Greg nails something that seems to be passing the academic world of recommendations by: you can’t measure recommendations quality with RMSE. It’s just not a good metric. User happiness is the goal, not the ability to predict ratings of unrated items. I’m glad to have someone with a little more clout than me saying this.Some ask, “What’s the difference?” If I tell you about 5 albums that you’ve already heard of, are the recommendations good? Even if we’re pretty certain you’ll like them? If you’re buying an obscure jazz album and you get “Kind of Blue” as a recommendation (probably most popular jazz album in history and one any jazz fan would know of) is that a good recommendation?

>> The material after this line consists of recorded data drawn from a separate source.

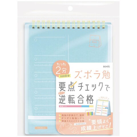 【送料無料】ズボラ勉強 要点チェックリスト 100日分 2連メモ スタンドタイプ A5 ライトブルー ふせん付 ToDo 学習計画 受験 - メール便発送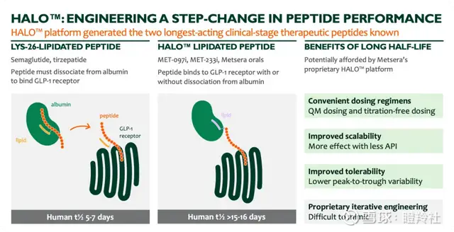 笔者这里就需要介绍metasera的HALO技术了。该技术是一种将肽与脂肪酸链接然后使得肽半衰期大大延长的技术。众所周知,将半衰期延长有诸多好处:它不仅可以带来给药依从性的大幅度提升(使得药物峰谷浓度差值更小,让患者对药物对身体影响得到缓冲),还能在某些情况下延长专利保护期。那么怎么延长半衰期呢?增加脂质化药物上脂肪酸的长度通常可以使其与白蛋白更紧密地结合,以此来延长半衰期。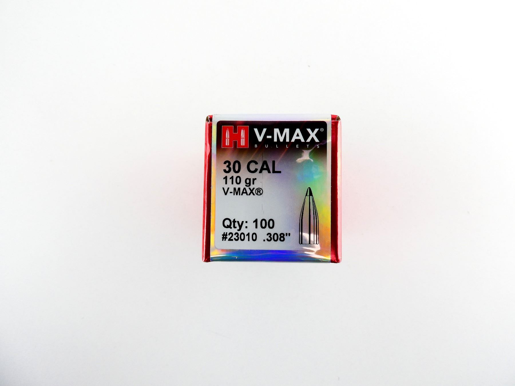 LOT INCLUDES; APPROX. (100) BULLETS, APPROX. DIA .308", 110 GRNS (STATED ON BOX NOT CONFIRMED) V-MAX, UNOPENED.

How do users build trust of recommendations? How does that factor into the algorithms? It turns out you need a mix of obvious and surprising results. All obvious and they don’t discover anything; all surprising and they don’t trust them.

Those are the right questions. A good algorithm for recommendations is one that people interact with and discover things with.

This is an awesome read (in fact, I uhm, submitted it a few minutes before at Greg’s blog, but it’s good enough that I upvoted it here too). As soon as I ran across it I immediately blogged, tweeted, and submitted here. I’d had a draft of an essay along these lines kicking around for ages.


I think they use RMSE because it’s easy, not because it’s ideal. Bellkor, a participating team in Netflix challenge, discussed this in their paper describing their method who won the progress prize; they calculated whether minute differences in RMSE improved the quality of top10 results; it did pretty significantly.—–

Just fished it out — paper is here for the curious:…

It’s one, amusingly, that I’d skipped because it seemed to be less technical. 🙂 Good stuff.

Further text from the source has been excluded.